I’m going to throw up here and now on her office floor.
“A Zeon is not an option. I assume you have other selections for us to choose from?” Through force of will, Avery managed to make it sound like a polite question rather than a drill sergeant’s command. What kind of woman used the word topless when speaking to a teenage boy?

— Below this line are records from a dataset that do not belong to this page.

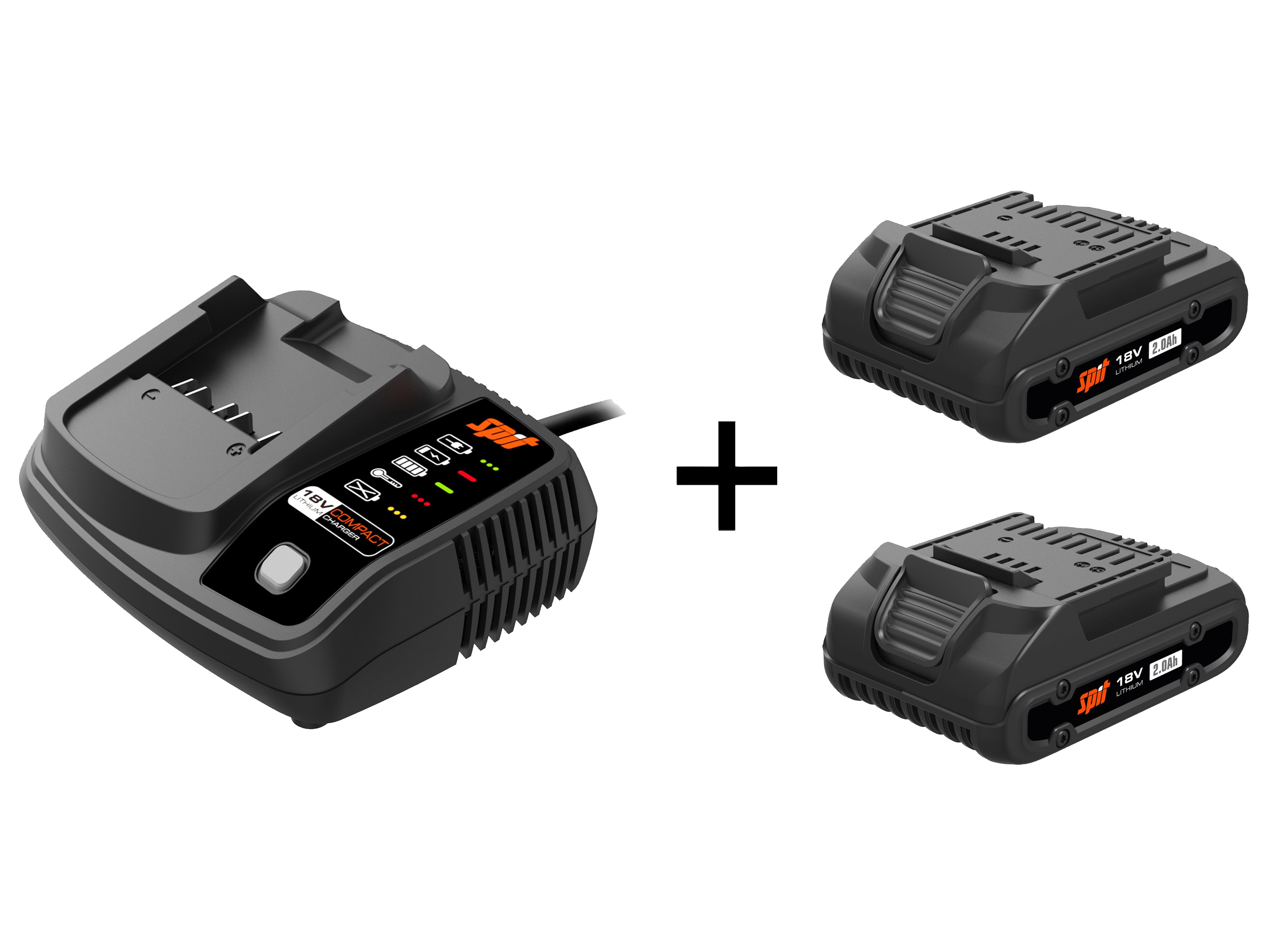 Set bevat: 2x accu’s 18 V/2 Ah en compacte lader – instap-kit voor het SPIT 18 V-platform.
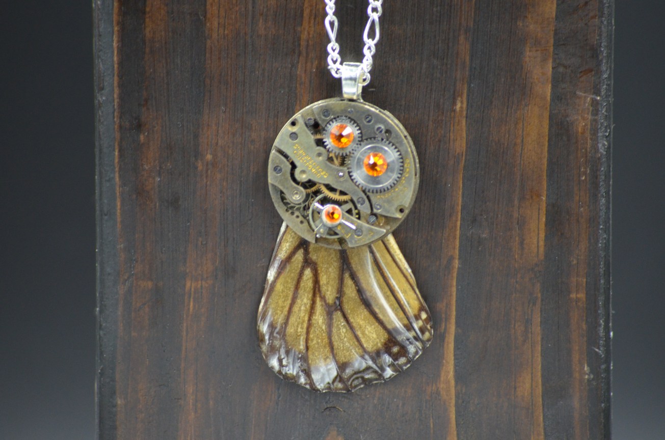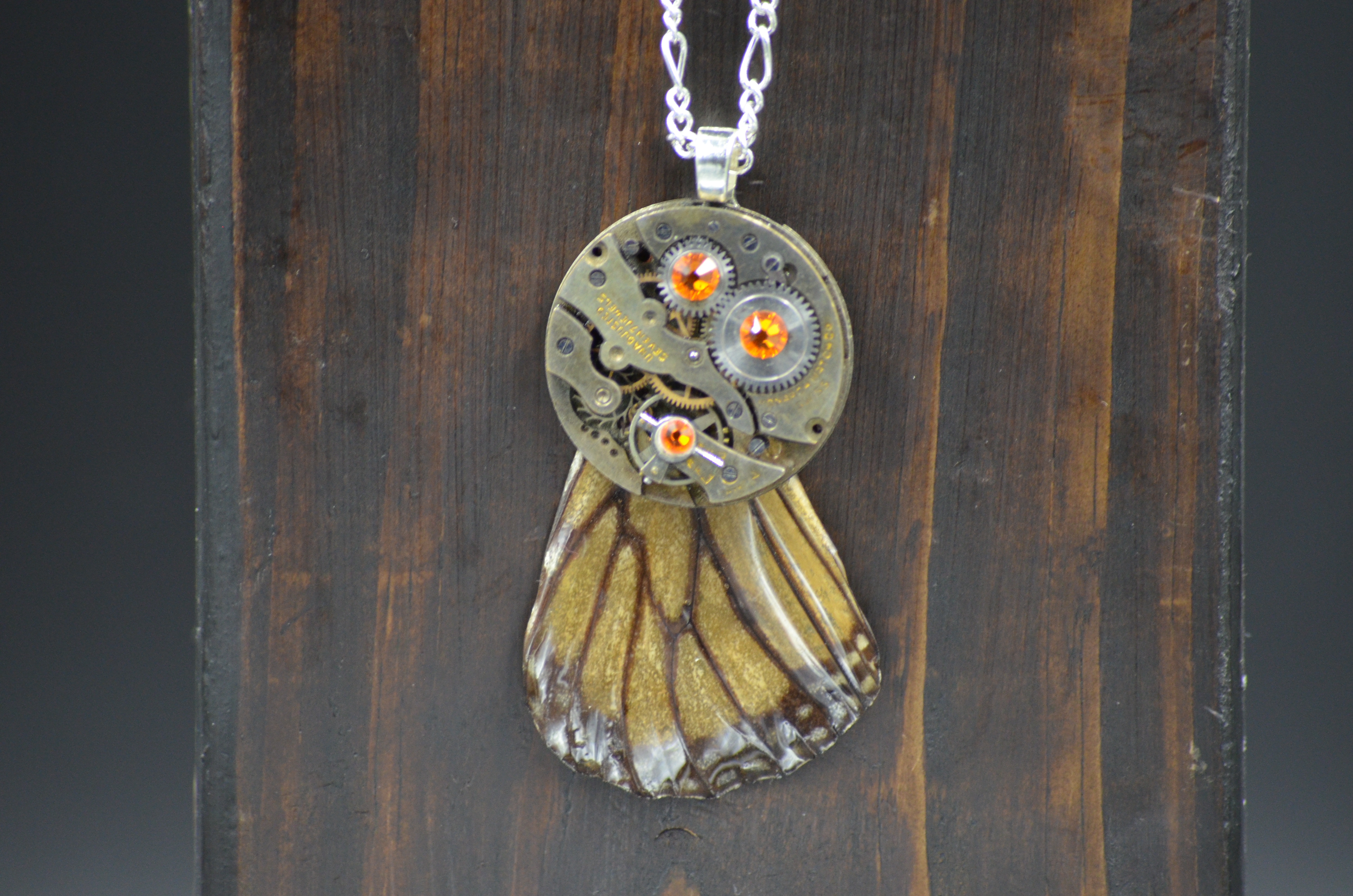 A watch movement made by the Monarch Watch Company in the 1950’s most likely is attached to a resin coated Monarch butterfly wing. There are three orange colored Swarovski crystals attached to the top of the watch movement. This hangs with a silver plated bail and chain.
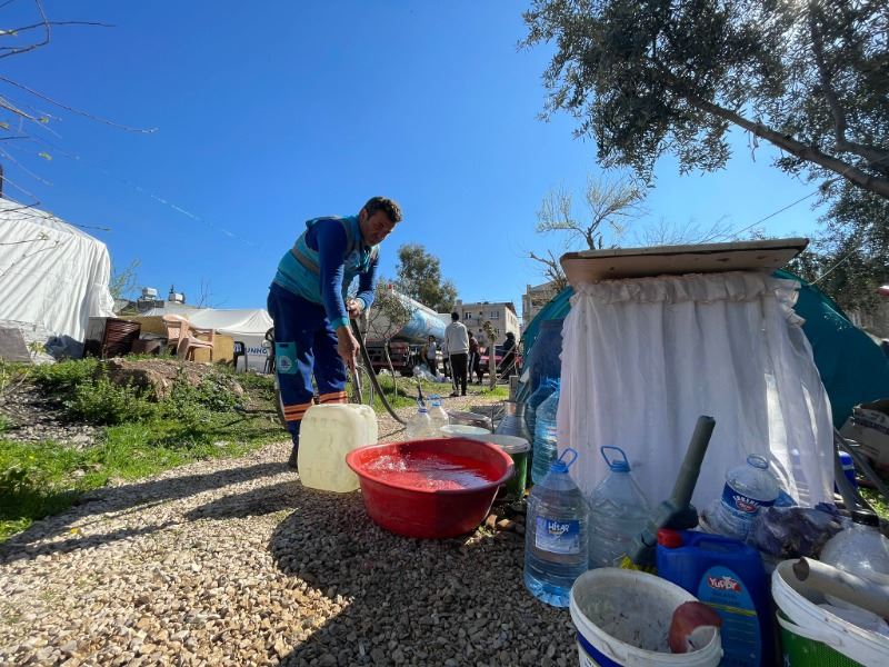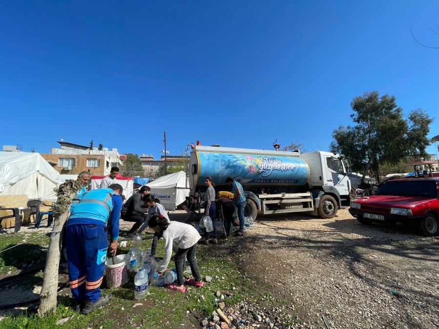 Tuzla Belediyesi ekipleri, Hatay’ın Kırıkhan ilçesinde bulunan mahallelere ve kırsal kesimlere temiz su desteğini 7 gün 24 saat esasına göre sürdürüyor. Tuzla Belediye Başkanı Dr. Şadi Yazıcı’nın öncülüğünde devam eden çalışmalarda Tuzla Belediyesi ekipleri, su tankerleri ile çadır kentlere, temiz su taşıyarak depremzedelere destek oluyorlar. Bu kapsamda ekiplerin her gün gittikleri Kırıkhan’ın Alsancak Mahallesi’nde bir arada bulunan 30 çadıra su dağıtmak için giden ekiplere, depremzedeler yöresel yemek hazırlayarak çay ikram ettiler. Hep birlikte yenilen yemeğin ardından depremzede bir kadın,” Allah devletimizden bin kere razı olsun” dedi.
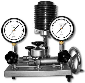 壓力計系由校驗泵(壓力發生系統)和活塞部分(壓力測量系統)兩部分組成。
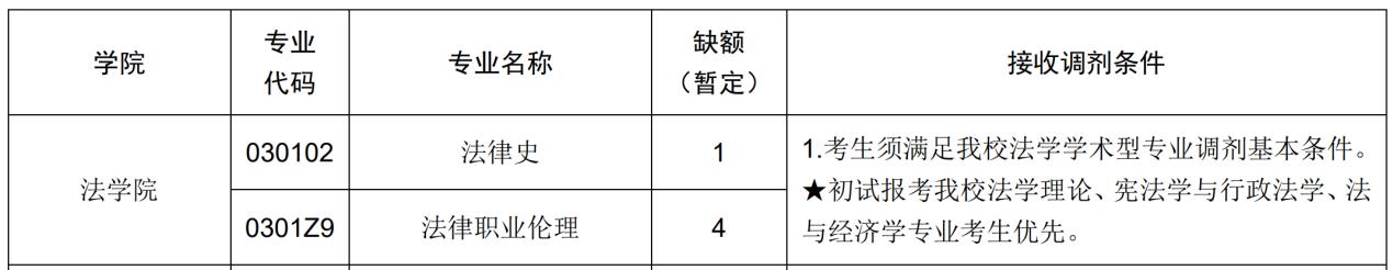 2.法学学术型各专业接收调剂申请截止时间统一为4月6日17:00。申请我校法学学术型各专业调剂的考生,只能填报一个学院的一个专业、研究方向,若同时填报多个志愿,将以考生在调剂系统最后一次填报的志愿为准。
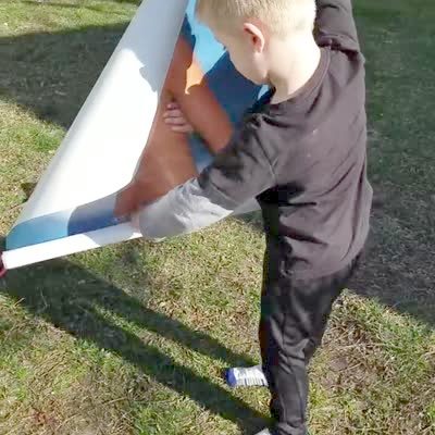 A young boy places a small soccer ball on top of a leaf blower in a yard and his father turns it on. The ball levitates above the leaf blower and the boy begins to scream and jump around as his brother appears and screams and jumps with him.

Eli and the woman stared at her.
“What exactly are you doing with a Zeon here, anyway? This isn’t a high-end car lot, if you don’t mind my saying so.” Good. Avery’s voice was back under control. She’d managed not to yell.
The petite woman stood an inch or two taller, thrust out her chest, and put her hands on her hips. “I’ll have you know, we have rental facilities in different locations across the city. We rotate vehicles between all of them, and the Zeon happens to be here today.”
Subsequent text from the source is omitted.